Plaintiff filed the instant complaint, brought pursuant to 42 U.S.C. § 1983, against the Suisin Police Department for making false allegations, for using excessive force, for mischievous conduct and for causing injuries by choking. Plaintiff alleges that while he was riding his bicycle home from community college, he was pulled over by an unidentified Suisin police officer for failure to have lights and/or reflectors on the bicycle. Plaintiff contends that during this stop and allegedly without provocation the officer placed plaintiff in a choke hold for approximately 25 seconds, after which plaintiff was placed under arrest.*fn1 Plaintiff further contends that he sustained injuries due to the incident, and he went to the hospital for examination. Plaintiff asserts that the case against him was dismissed after one and a half years in the Solano County Superior Court. Plaintiff does not specify the relief he seeks.
Plaintiff brings suit against the Suisin Police Department, a municipal entity. Generally, local governments are "persons" subject to liability under 42 U.S.C. § 1983 where official policy or custom causes a constitutional tort, see Monell v. Dep't of Social Servs., 436 U.S. 658, 690 (1978); however, a city or county may not be held vicariously liable for the unconstitutional acts of its employees under the theory of respondeat superior, see Board of County Comm'rs v. Brown, 520 U.S. 397, 403 (1997); Monell, 436 U.S. at 691; Fuller v. City of Oakland, 47 F.3d 1522, 1534 (9th Cir. 1995).
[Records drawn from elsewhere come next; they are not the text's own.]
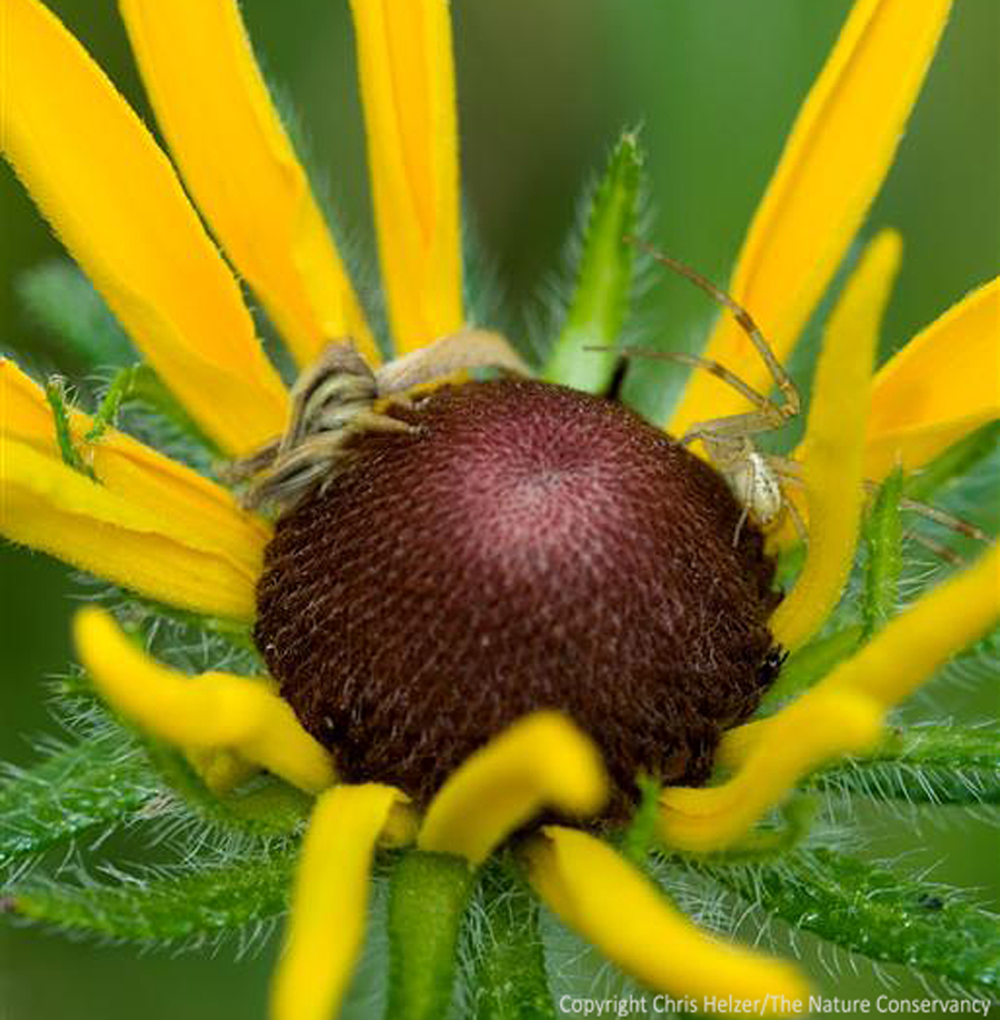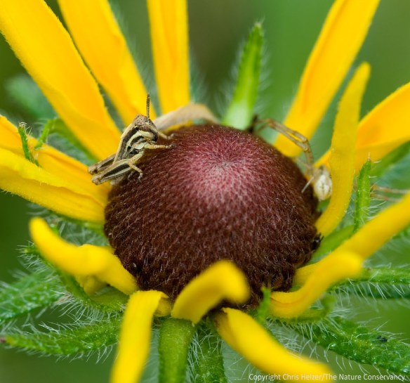A few years ago, I photographed this tiny grasshopper nymph on a black-eyed susan flower. At the time of this photo, I don’t think the nymph was aware of the crab spider it was sharing the flower with…
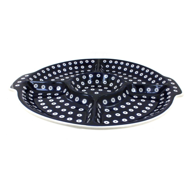 Blue Rose Polish Pottery Dots Chip & Dip Plate
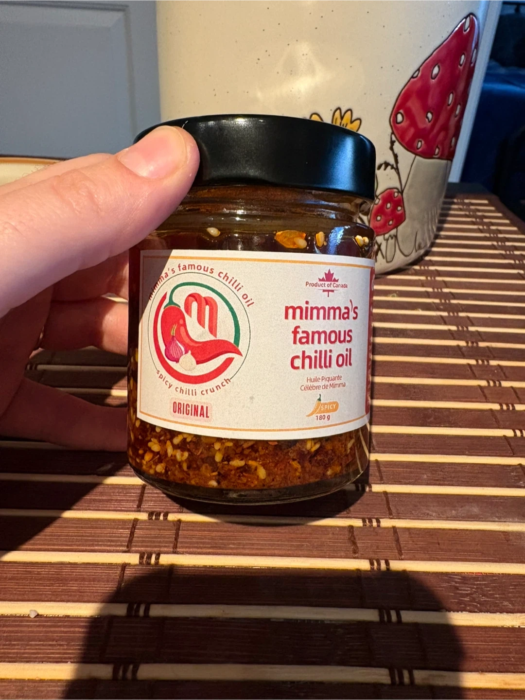 Buy & SellChilli OilChilli Oil$4Chilli oil sealed in jar. Expires May 2026. Pickup near Sherbourne and Adelaide St East or sometimes at some TTC stations.ConditionNewWHERE TO MEETHomeView MapSELLERverifiedMarikaGarden District85275 reviews1 chats·2 favorites·11 viewsSEND CHAT TO SELLERHi Marika! I’m interested in your listing.Hi Marika! I’m interested in your listing.Get the Karrot app to chatSign In to chat

To impose municipal liability under § 1983 for a violation of constitutional rights, a plaintiff must show: (1) that the plaintiff possessed a constitutional right of which he or she was deprived; (2) that the municipality had a policy; (3) that this policy amounts to deliberate indifference to the plaintiff's constitutional rights; and (4) that the policy is the moving force behind the constitutional violation. See Plumeau v. School Dist. # 40 County of Yamhill, 130 F.3d 432, 438 (9th Cir. 1997).
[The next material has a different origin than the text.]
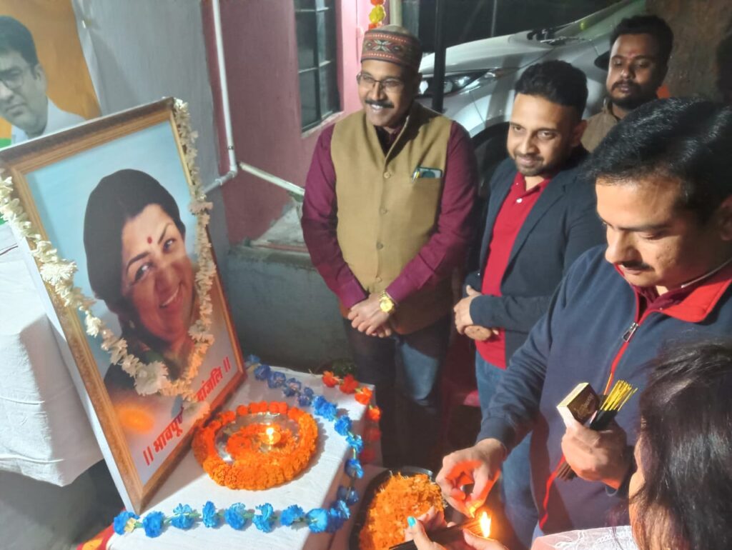 जमशेदपुर : भाजपा टेल्को मंडल जिला मीडिया प्रभारी अमित सिंह के निवास पे लता मंगेशकर को श्रद्धांजलि कार्यक्रम हुआ जिसमे मुख्य अतिथि के रूप में झारखंड प्रदेश के प्रवक्ता कुणाल षाड़ंगी जिला महामंत्री राकेश सिंह जी जिला मंत्री पप्पू सिंह टेल्को मंडल अध्यक्ष हेमंत सिंह महिला मोर्चा जिला अध्यक्ष ज्योति अधिकारी उपस्थित हुए। सर्वप्रथम भारत रत्न लता मंगेशकर जी को श्रद्धा सुमन अर्पित किया जिला मीडिया प्रभारी अमित सिंह ने संचालन किया। जिला महामंत्री राकेश सिंह ने कहा लाता दी का जगह कोई ले नही सकता है प्रदेश प्रवक्ता कुणाल सारंगी जी लता दी की जीवन में प्रकाश डालते हुए उनके बारे में बहुत सी बाते बताई उन्होंने बताए की लता दी ने एक बार कहा मुझे अवार्ड मत दीजिए नए नए लोगो को दिया जाए। मां सरस्वती की रूप में थी उनका गला में जो जादू था अब मिलना बहुत मुश्किल है बहुत छोटी सी उम्र में अपनी जिम्मेदारी ली। उनका जगह अब कोई ले सकता है धन्यवाद ज्ञापन सुधा यादव जी ने किया।

Here, plaintiff has not alleged that the Suisun Police Department has a policy that was the moving force behind the constitutional violation. Additionally, it appears from the complaint that plaintiff may have a cause of action against the individual officer who placed plaintiff in a choke hold. Leave to amend will be granted so that plaintiff may attempt to allege a basis on which the municipal entity may be held liable and to name the individual officer. Plaintiff is put on notice, however, that a single incident of unconstitutional activity is insufficient to prove the existence of policy or custom. Meehan v. County of Los Angeles, 856 F.2d 102, 107 (9th Cir. 1988).
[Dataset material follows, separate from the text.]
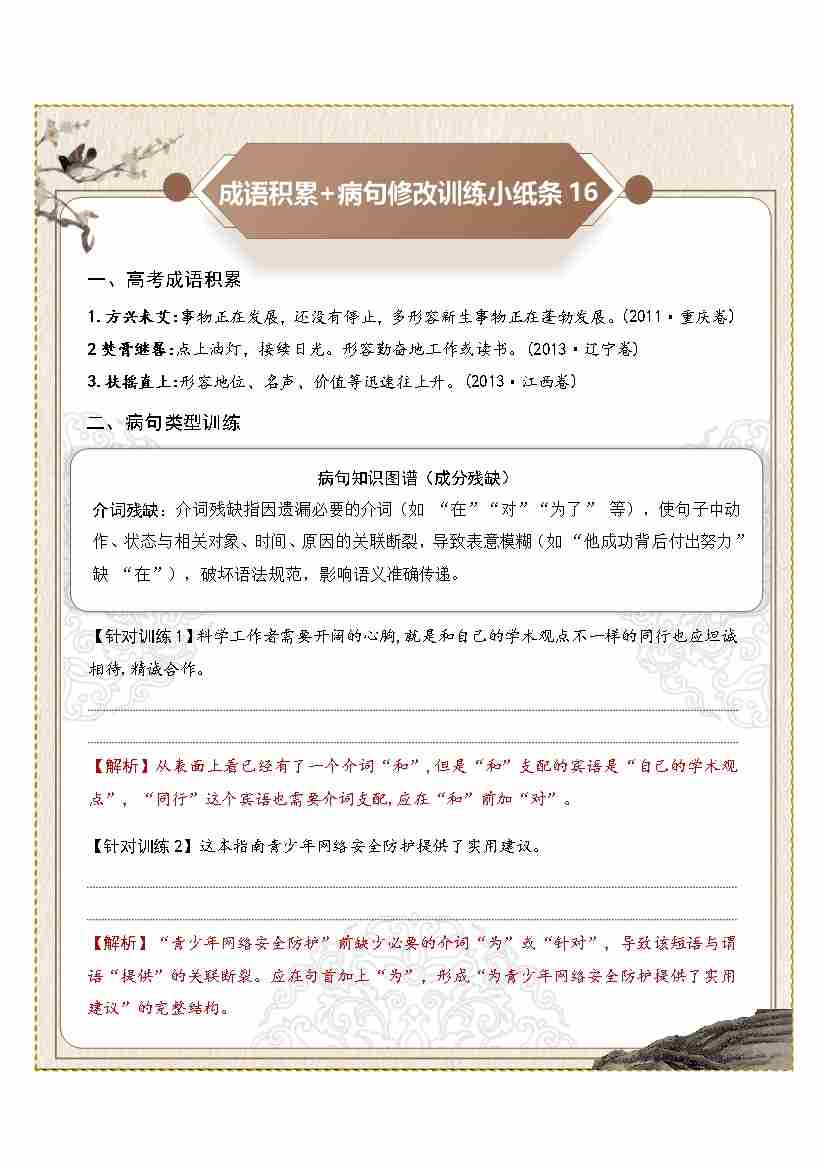 高考成语积累 (成分残缺赘余、表意不明)病句修改训练小纸条(学生版)

Good cause appearing, IT IS HEREBY ORDERED that:
1. Plaintiff's request to proceed in forma pauperis is granted;
2. Plaintiff's complaint is dismissed; and
3. Plaintiff is granted thirty days from the date of service of this order to file an amended complaint that complies with the requirements of the Civil Rights Act, the Federal Rules of Civil Procedure, and the Local Rules of Practice; the amended complaint must bear the docket number assigned this case and must be labeled "Amended Complaint"; plaintiff must file an original and two copies of the amended complaint; failure to file an amended complaint in accordance with this order will result in a recommendation that this action be dismissed.